1. Tree equivalencies. Currently, /contend/ /content/ /resend/ /resent/
produces (?:conten[dt]|resend[dt]) but it is possible to produce
(?:cont|res)en[dt] if one can spot the common tail nodes (and walk back
the equivalent paths).

2. Investigate how (?>foo) works. Can it be applied?

5. How can a tracked pattern be serialised? (Add freeze and thaw methods).
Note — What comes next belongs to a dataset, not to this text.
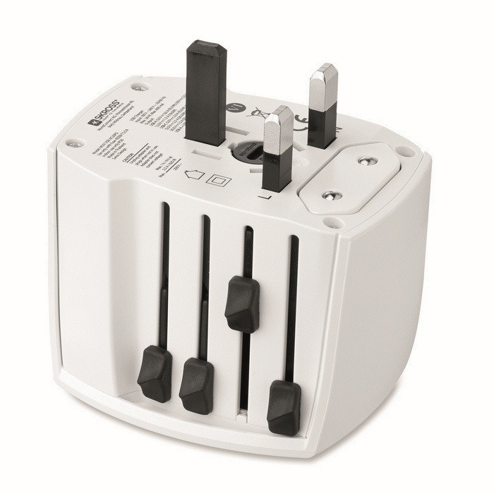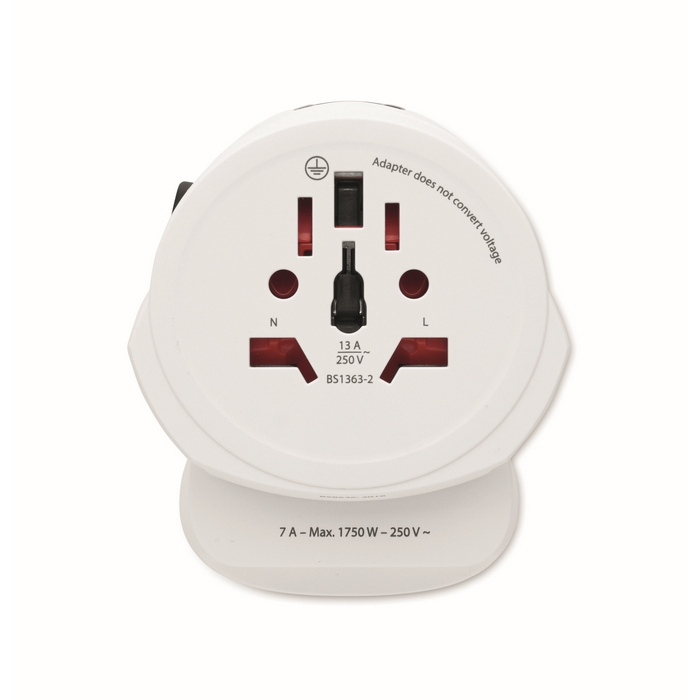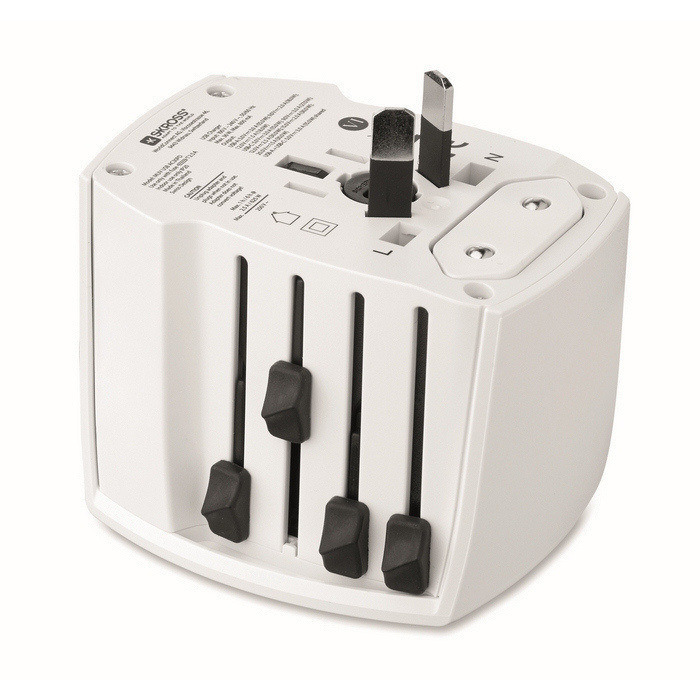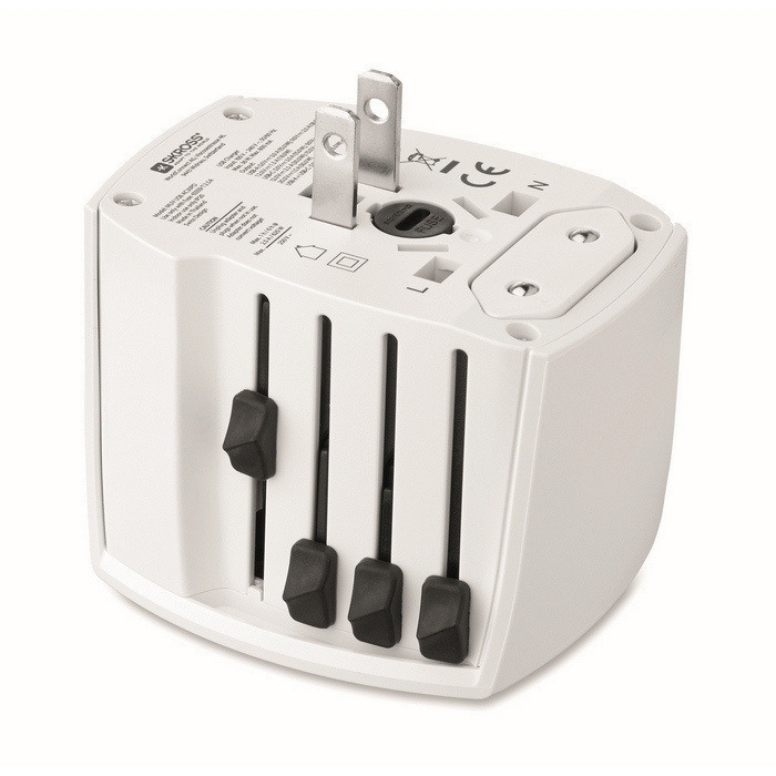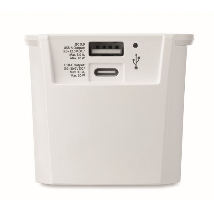 2-poliger Reiseadapter mit USB-A- und USB-C-Anschlüssen, entwickelt zum Laden von Geräten in verschiedenen Ländern in einem kompakten Format. Bietet bis zu 30 W über USB-C und 18 W über USB-A für schnelles und sicheres Laden, geeignet für Smartphones, Tablets und Arbeitszubehör. Das universelle Design erleichtert die Nutzung unterwegs und reduziert die Notwendigkeit, mehrere Ladegeräte mitzunehmen. Praktische Option für Willkommenspakete, internationale Veranstaltungen oder Reiseausstattung für Vertriebsteams.
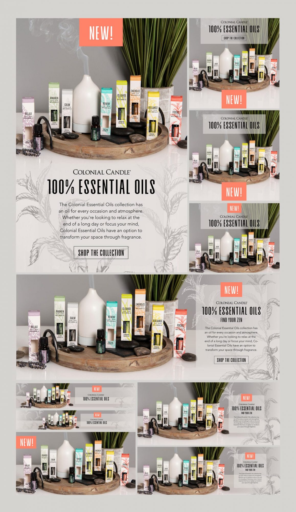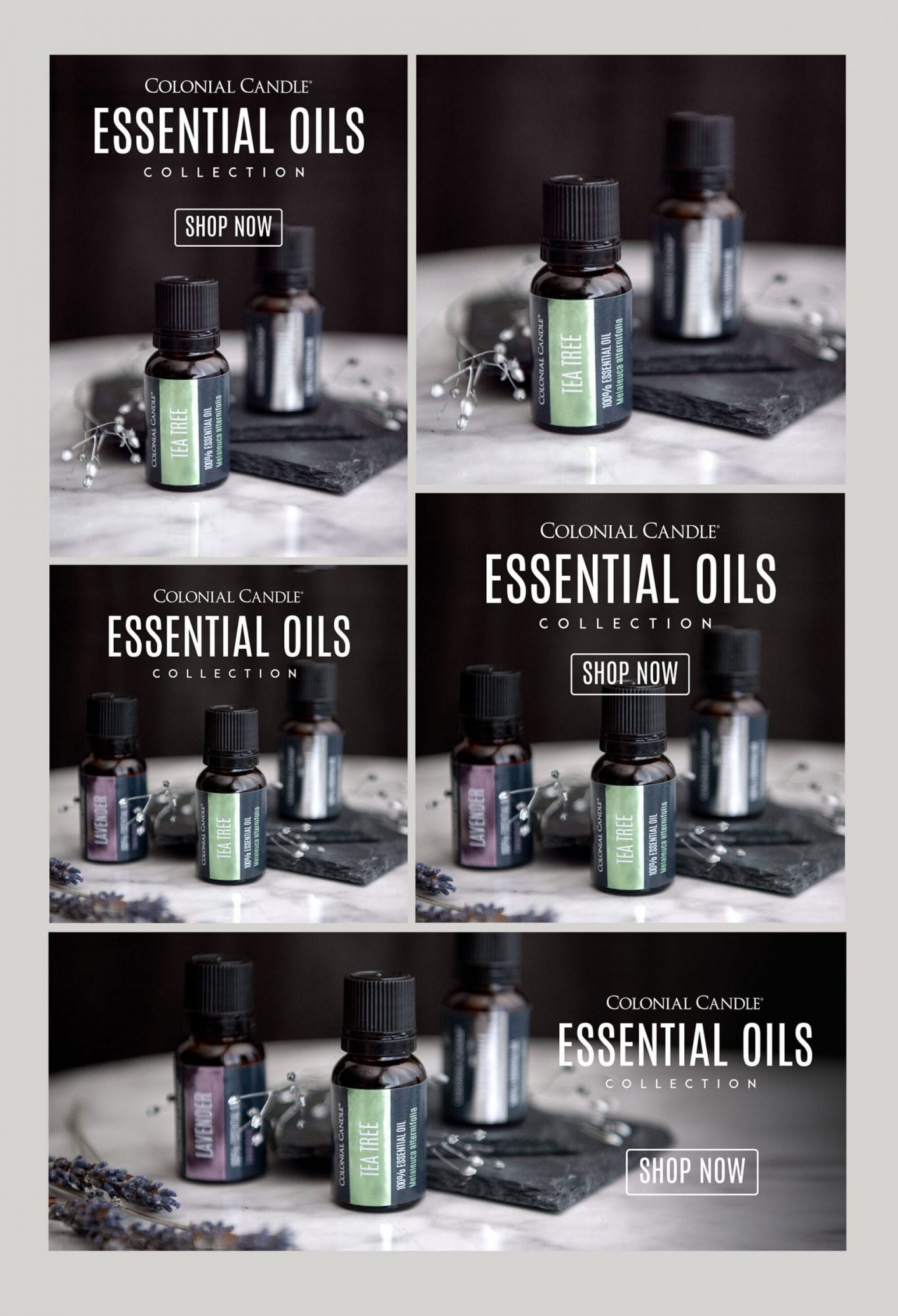 This bright & bold Essential Oils set by Colonial Candle featured all-natural and proven fragrances for aromatherapy. I photographed & designed advertising graphics sets for the collection's online launch.

6. Store callbacks per tracked pattern.

7. Deal with [:punct:] character classes

8. saw this foo(?:\.|-)bar but the test checks out ok

11. is eg/assemble-check obsolete?

12. utf-8... hmmmm...

13. Consider the following:

    $ eg/assemble -d2
    sing
    singing
    sting
    path 0 in [s {i=>[i n g {* i=>[i n g]}] t=>[t i n g]}]
     node 1 in {i=>[i n g {* i=>[i n g]}] t=>[t i n g]} opt=0
      | off=-1
      | path=(g:[n i t])
      | counts: reduce=1 fail=0
      | off=3
       node 3 in {i=>[i n g]} opt=1
       | fast fail {* i=>[i n g]}
      | +failed i
      | counts: reduce=1 fail=1
     : node scan complete opt=0 reduce={g=>[[g n i t]]} fail=[[i n g {* i=>[i n g]}]]
     | -simple opt=0 unrev [g n i t]
      _unrev path fast [g n i t] -> [t i n g]
     | +fail [i n g {* i=>[i n g]}]
     node 1 out fail={i=>[i n g {* i=>[i n g]}] t=>[t i n g]}
    | head=[] tail={i=>[i n g {* i=>[i n g]}] t=>[t i n g]}
    | unshift s
    path 0 out head=[] tail=[s {i=>[i n g {* i=>[i n g]}] t=>[t i n g]}]
    final head=[] tail=[s {i=>[i n g {* i=>[i n g]}] t=>[t i n g]}]
    final path=[s {i=>[i n g {* i=>[i n g]}] t=>[t i n g]}]
    /s(?:ing(?:ing)?|ting)/

    In other words, there is scope for a further approach to tail-sliding.